Analyticsphere / metricsReportsRequests

Used to provide issue tracking for changes and additions to the Connect Metrics reporting.
MIT License
0 stars 0 forks source link

Analysis of Response rates for KP Biospecimen Email reminders #125

Closed brotzmanmj closed 7 months ago

brotzmanmj commented 8 months ago

@KELSEYDOWLING7 This will be an analysis of the effectiveness of the email reminders we sent for KP biospecimen collection.

Detailed requirements are here: https://nih.app.box.com/file/1458684328095

Please put the drafts and interim counts, etc, of what you produce as you go into that same folder. Happy to discuss before you start and answer any questions.

KELSEYDOWLING7 commented 8 months ago

@brotzmanmj A csv of all categories from the notifications table has been uploaded to the box folder. I also included a second csv for the four categories I believe are a match to this request.
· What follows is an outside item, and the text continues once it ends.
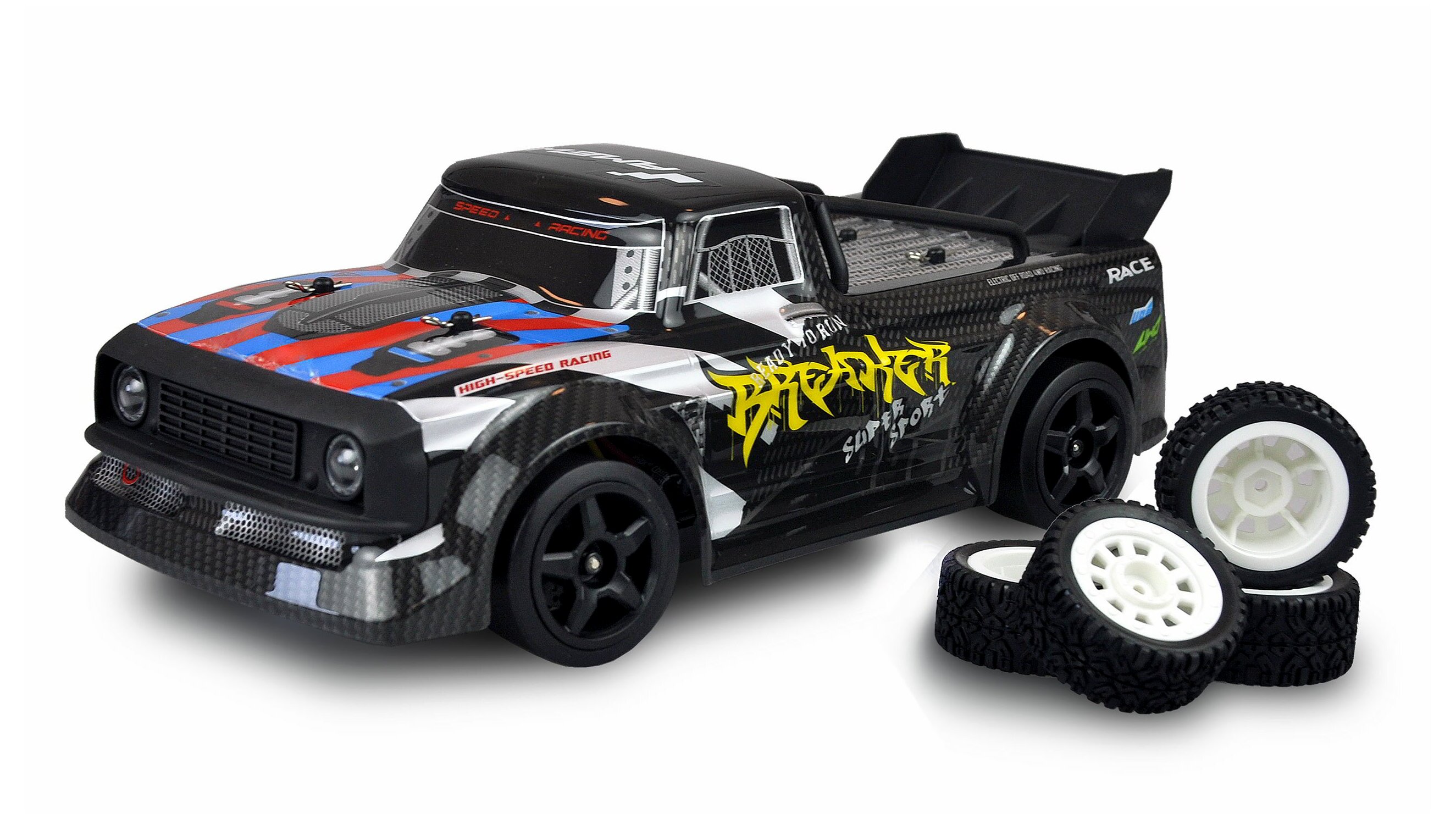 A Sport Car Breaker ötvözi a menő megjelenést, a kifinomult technológiát egy rendkívül hatékony giroszkópos rendszerrel és az elegáns drifteléshez elegendő erővel párosítva. Akár az úton, a pályán vagy a nappali padlóján - ez az 1:16 méretarányú modell bármilyen terepen megbirkózik vele. Az érzékeny 2,4 GHz-es távirányító nagyon közvetlen vezetési érzést biztosít. A gyors és erős kormányszervó szintén precíz kezelhetőséget biztosít, és a nagy teljesítményű 4WD meghajtás a nagy akkumulátorral (7,4V Li-Ion 1200mAh) együtt hosszú vezetési időt tesz lehetővé kb. 30-35km/h végsebesség mellett. A beépített giroszkóp minden helyzetben támogatja és tisztán a pályán tartja a Drift Sport Car Breaker-t. Egy kis kiegészítésként ez a modell különböző világítási lehetőségekkel lett felszerelve, amelyek a jeladóval állíthatók. Három különböző típusú LED-világítás választható, így az elülső rész minden alkalommal más-más látványt nyújt. A modellt már gyárilag jó golyóscsapágyakkal, fém CVD meghajtótengelyekkel és precíz futóművel szerelték fel. Bónuszként az utcai gumiabroncsok is benne vannak. Ezeket egyszerűen fel lehet szerelni a szerelt driftgumik helyett, hogy tisztán országúti autóként mutatkozhassunk be.

If so, I have those frequencies ready as well.

KELSEYDOWLING7 commented 8 months ago

Some issues I found in the data that will skew our tables:

  1. These 51 participants all completed their first collection (on either day 8 or day 9), but still received their 2nd attempt (on day 10 or on day 11): 1035320602 1219776812 1265592260 1376043410 1573248190 1667168280 1766148780 2042835618 2207168726 2696662861 3103165654 3318536221 3336979563 3428081361 3815424995 3997975390 4025211136 4107676766 4163761255 4233517525 4911931785 4999224736 5128644268 5561849615 5930682401 6356470809 6600360528 6640357017 6764735983 6767656688 7000527955 7113238256 7249632787 7295527627 7547871163 7607246903 7664799111 7723637500 7740470630 8079712307 8155052123 8557170208 8606755338 8653368538 8760257482 9116633260 9199309622 9360644642 9491526206 9547047843 9982271542

  2. I also found 483 participants that had multiple, if not all, KP Biospecimen Reminders sent on the same day, here are some examples: (These people had all 5 sent on the same day) 1035256151 7837339421 3122850205 8637189742 9546442997 5013361428 (These people had 2 sent on the same day) 9343797367 2152090344 3150640899

brotzmanmj commented 8 months ago

Hi @KELSEYDOWLING7 can you add the Contact Attempt field to the list of notifications on box?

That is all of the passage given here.